The second aspect of MATLAB that makes it extremely useful for fMRI analyses is that researchers can work directly with their data using the command window. The command window allows direct execution of single commands. If, after you loaded a data set from a brain into the command window, you found that it was upside down, you could flip the brain using a single MATLAB command. You can use simple commands to extract single trials from a complex data set, to calculate statistics on your data, or event to find out the value of a statistical test at different points in the brain. The command window is also very useful for testing out parts of programs as you write them, as well as for debugging problems that occur.

Key MATLAB concepts

Command Window

The command window is the basic working environment of MATLAB. This is where you will load data, run programs, execute scripts, and work with variables. It also can control changes in the working directory and other environment properties. In version 6 and later, the command window will appear in the right part of the main MATLAB window and will be accompanied by other windows. In earlier versions, the command window is all that you will see upon starting MATLAB.

Working Directory

“Working directory” refers to a location on the hard disk or network that MATLAB will load and save files. To find out your current working directory use the “print working directory” command pwd in the command window:

pwd %prints current directory.

Alternatively, on newer versions of MATLAB, there is a current directory toolbar at the top of the window that lists your working directory. This toolbar has a drop-down list of recent directories and a selection button that allows choice of any directory.

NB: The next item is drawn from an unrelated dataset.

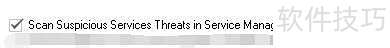 5、 在弹出的窗口中,请勾选在服务管理器中扫描可疑服务威胁选项,以确保系统安全检测全面覆盖相关风险。

Note that MATLAB cannot write to some write-protected directories, including anything on the C:\ drives of BIAC computers. For that reason you may need to change your working directory to some other location before using some programs, such as SPM. To change the directory, use the cd command and list whatever directory you want to change to:

cd d:\ %change current directory

Path

MATLAB maintains a list of possible disk locations for programs, scripts, etc., in the variable “path”. To see this list, just use the path command:

path %prints out current path.

You will see a large list of file locations. On the BIAC computers, most of these will be in the “C:\Program Files\MATLAB” directory, but there may be others. If you type a program or function's name into the command window, MATLAB will search through all of these directories to find it. So, if you want to use programs from a given directory over and over, you should add it to your path.

addpath \\BROCA\Programs\User_Scripts\dias %adds directory to path

If you want to see in which directory a program is stored, use the which command. This command is useful when there may be multiple versions of a program on the hard disk.

which showsrs %prints out directory containing program “showsrs”

Variables

Matlab stores information in variables that can be accessed through the command window (or through programs, scripts, etc.). Variables can be created in many ways. A simple way to create a variable is to assign some value.

a = 123 % creates a variable “a” which stores the numeric value 123

Note that both variable names and function names are case sensitive. If you now type a in the command window, it will print the value of a, ans = 123. If you type A, it will give an error: “??? Undefined function or variable 'A'.”

There are many different types of variables. Most numeric variables are stored as class “double” which means that a total of eight bytes are used to represent the number. You can also store text, other types of numbers, or groupings of variables called cell arrays or structures.

Variables can be of different sizes. You can create a variable consisting of a 10 by 10 matrix of random numbers using a simple command.

test = rand(10,10) %creates & prints 10*10 array of # from 0 to 1

To see what variables are currently loaded, you can look in the workspace window (in 6.0 or later) or you can type the command whos. Either way, you can see what variables you have loaded, what size they are, how large they are, and in what format they are stored. If you have followed this section so far, you should have the variables “a” and “test” loaded into the workspace.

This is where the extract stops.